Analoge ArbeitsweltenFotograf Martin Weinhold im Interview

Freitag, 17. Februar 2023
Martin Weinhold ist schon lange im Geschäft. Er hat bereits als Kameramann beim TV gearbeitet und fotografiert seit über 15 Jahren die Arbeitswelt in Kanada. Basis seiner Arbeit: sein analoges Labor, in dem er die Kunst der Filmentwicklung und des Printens auf höchstem Niveau betreibt. Im Interview spricht er über seine Arbeit als Fotograf und im Labor, sowie über den Workshop, den er 2023 in der p: berlin academy geben wird.

Was ist dein Background und was machst du im Bereich der Fotografie?  

Martin Weinhold: Ich bin über Umwege zur Fotografie gekommen. Ich habe das lange werden wollen, bin dann aber sehr konsequent an der Hochschule für Grafik und Buchkunst in Leipzig abgelehnt worden. Deshalb  habe ich nach einer Alternative gesucht und bin zur UdK gekommen, wo ich Gesellschafts- und Wirtschaftskommunikation studiert habe. In der Zeit  fotografierte ich weiter, aber das lief eher auf einem Nebengleis. Mein Hauptberuf und Broterwerb war tatsächlich Kameramann. 

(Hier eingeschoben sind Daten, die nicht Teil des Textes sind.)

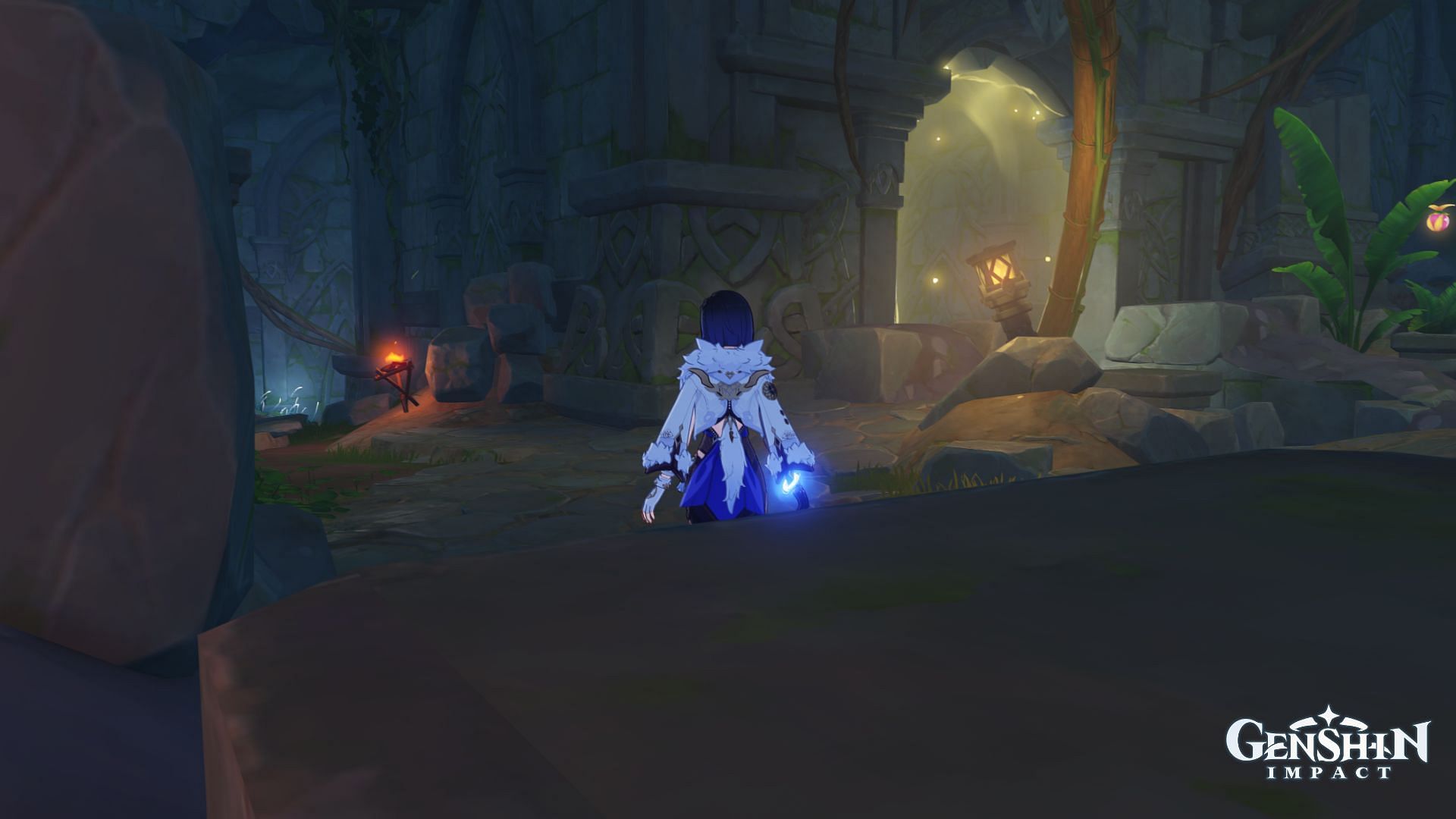 Seal #2: Head east of the mural until you reach some ruins similar to the above photo. Head toward the left path with the torch since it's open. After you continue on this route, you will eventually see a Hydro Eidolon surrounded by torches. Use a Hydro attack on the flames to put them out so the Hydro Eidolon can leave.
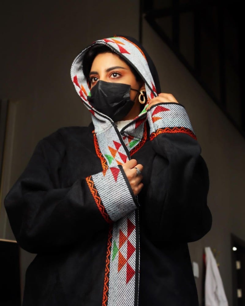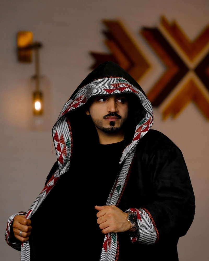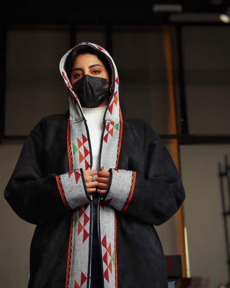 قطعة شتوية لا غنى عنها من سارة فروة مخمل من داخلها وتتميز بقماش الشامواه باللون الأسود الرصاصي من الخارج مع أفخم نقشة سدو البدوية وأيضا قبعة الرأس المنقوشة لدفء مضاعف وهي مصممة خصيصا لتكون مريحة على اللبس

Du warst beim Fernsehen?  

Ja, ich habe sehr lange beim Privatfernsehen als Kameramann gearbeitet. Der Umschwung zur Fotografie ist über die Abschlussarbeit meines Studiums gekommen, das ja eigentlich als Alternative zur Fotografie gedacht gewesen war. Ich habe im Studium zwar weiterhin mit dem Bild zu tun gehabt, aber eben nicht mehr als Bildautor. Meine Diplomarbeit habe ich 2001 zum Thema Individualität in der Porträtfotografie geschrieben und  mich dabei so sehr in das Thema verbissen, dass es dadurch zum Rückfall gekommen ist. Als ich mit dem Diplom fertig war, wollte ich nicht mehr in die Werbung gehen oder in einer Pressestelle arbeiten, sondern ich bin zur Fotografie zurückgekehrt. 

Was passierte dann?  

Eine Zeit lang habe ich parallel TV und Fotografie gemacht, aber 2008 bin ich endgültig zur Fotografie gewechselt und habe das Fernsehen hinter mir gelassen. Heute arbeite ich als selbständiger Fotograf. 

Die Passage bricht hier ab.